Career NFL statistics
- Tackles: 537
- Sacks: 81
- Fumble recoveries: 8
- Stats at Pro Football Reference

= Tim Harris (linebacker) =

American football player (born 1964)

Timothy David Harris (born September 10, 1964) is an American former professional football player who was a linebacker and defensive end in the National Football League (NFL) for the Green Bay Packers (1986–1990), the San Francisco 49ers (1991–1992, 1994–1995), and the Philadelphia Eagles (1993). He played college football at the University of Memphis and was selected by the Packers in the fourth round of the 1986 NFL draft.

As he entered Birmingham's Woodlawn High School, he began to excel in both football and basketball, but he moved with his aunt and uncle, who were teachers, to Memphis after his junior season. "My grades were not so good (at Woodlawn High) and I was not hanging around with the right people," Harris said. "And my mom and I thought I'd get more exposure in Memphis." [1]

Harris attended Memphis Catholic High School, but he was ineligible for most of the football season because of the move. Catholic High made the playoffs and Harris was finally declared eligible.

In his one and only game for Catholic, Harris recorded 22 tackles and caught the attention of major college coaches, including those at UCLA, Notre Dame and Tennessee. But he chose to stay close to home and play for the University of Memphis Tigers, where he was part of the nation's top-ranked defense for two seasons in 1984 and 85.

In The NFL, Harris was a key defensive player for a Packers team that finished 10-6 during the 1989 season, their best record since 1972. The team was referred to as the "Cardiac Pack" because of several close game wins.
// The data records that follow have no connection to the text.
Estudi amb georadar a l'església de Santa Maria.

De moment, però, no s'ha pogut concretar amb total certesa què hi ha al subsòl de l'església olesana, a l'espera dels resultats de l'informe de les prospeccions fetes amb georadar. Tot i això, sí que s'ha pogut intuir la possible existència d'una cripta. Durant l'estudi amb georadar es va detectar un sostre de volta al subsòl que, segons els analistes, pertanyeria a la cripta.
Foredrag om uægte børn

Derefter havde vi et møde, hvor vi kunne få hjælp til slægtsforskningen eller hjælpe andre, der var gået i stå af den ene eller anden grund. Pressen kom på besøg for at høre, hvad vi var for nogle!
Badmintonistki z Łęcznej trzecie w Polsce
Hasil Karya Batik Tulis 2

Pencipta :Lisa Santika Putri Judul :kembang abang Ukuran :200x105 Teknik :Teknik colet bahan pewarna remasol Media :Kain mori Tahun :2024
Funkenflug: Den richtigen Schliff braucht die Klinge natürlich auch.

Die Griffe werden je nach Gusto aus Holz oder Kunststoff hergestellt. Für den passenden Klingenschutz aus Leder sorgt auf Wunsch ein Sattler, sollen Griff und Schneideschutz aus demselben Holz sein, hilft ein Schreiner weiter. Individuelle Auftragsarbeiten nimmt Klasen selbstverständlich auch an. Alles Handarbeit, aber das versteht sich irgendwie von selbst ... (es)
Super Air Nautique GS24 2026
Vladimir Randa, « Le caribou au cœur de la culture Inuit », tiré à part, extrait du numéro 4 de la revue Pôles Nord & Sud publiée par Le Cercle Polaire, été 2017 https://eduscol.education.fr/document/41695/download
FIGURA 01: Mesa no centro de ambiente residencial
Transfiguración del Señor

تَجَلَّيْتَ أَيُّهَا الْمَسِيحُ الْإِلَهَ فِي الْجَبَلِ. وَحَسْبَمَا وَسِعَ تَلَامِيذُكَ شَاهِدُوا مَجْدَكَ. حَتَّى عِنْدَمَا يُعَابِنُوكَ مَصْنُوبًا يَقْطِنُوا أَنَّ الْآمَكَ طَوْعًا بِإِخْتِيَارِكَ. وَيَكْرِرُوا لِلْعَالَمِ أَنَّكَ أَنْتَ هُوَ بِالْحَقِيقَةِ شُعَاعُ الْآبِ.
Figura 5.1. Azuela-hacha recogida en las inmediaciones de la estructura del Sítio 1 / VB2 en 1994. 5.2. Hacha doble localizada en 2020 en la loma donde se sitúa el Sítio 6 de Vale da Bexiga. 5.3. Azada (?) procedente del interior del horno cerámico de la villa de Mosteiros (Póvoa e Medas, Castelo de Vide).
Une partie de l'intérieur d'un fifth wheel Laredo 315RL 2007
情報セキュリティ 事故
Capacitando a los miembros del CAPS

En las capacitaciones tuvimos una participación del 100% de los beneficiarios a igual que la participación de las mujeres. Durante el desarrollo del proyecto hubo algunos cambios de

Harris finished that season with a career best 19.5 sacks and was selected to the Pro Bowl. Later in his career, he recorded 17 sacks as part of the 1992 San Francisco team that reached the NFC Championship Game. Two seasons later, he would earn a Super Bowl ring as the 49ers won Super Bowl XXIX.

Harris was a talkative, outgoing player, whose signature celebration after a sack was "six gun" hand gestures, whereby he pretended to shoot the opposing player. The NFL eventually banned his celebration as overly aggressive and unsportsmanlike.

During a Chicago Bears game in 1987 at Soldier Field, Harris and a young pair of Bears fans almost got into a fight over a flattened cup that was thrown directly at Harris. After the NFL and Pete Rozelle investigated the incident, it was determined that no disciplinary action would take place against Harris for the outburst.

In 2022, Harris was inducted into the Green Bay Packers Hall of Fame.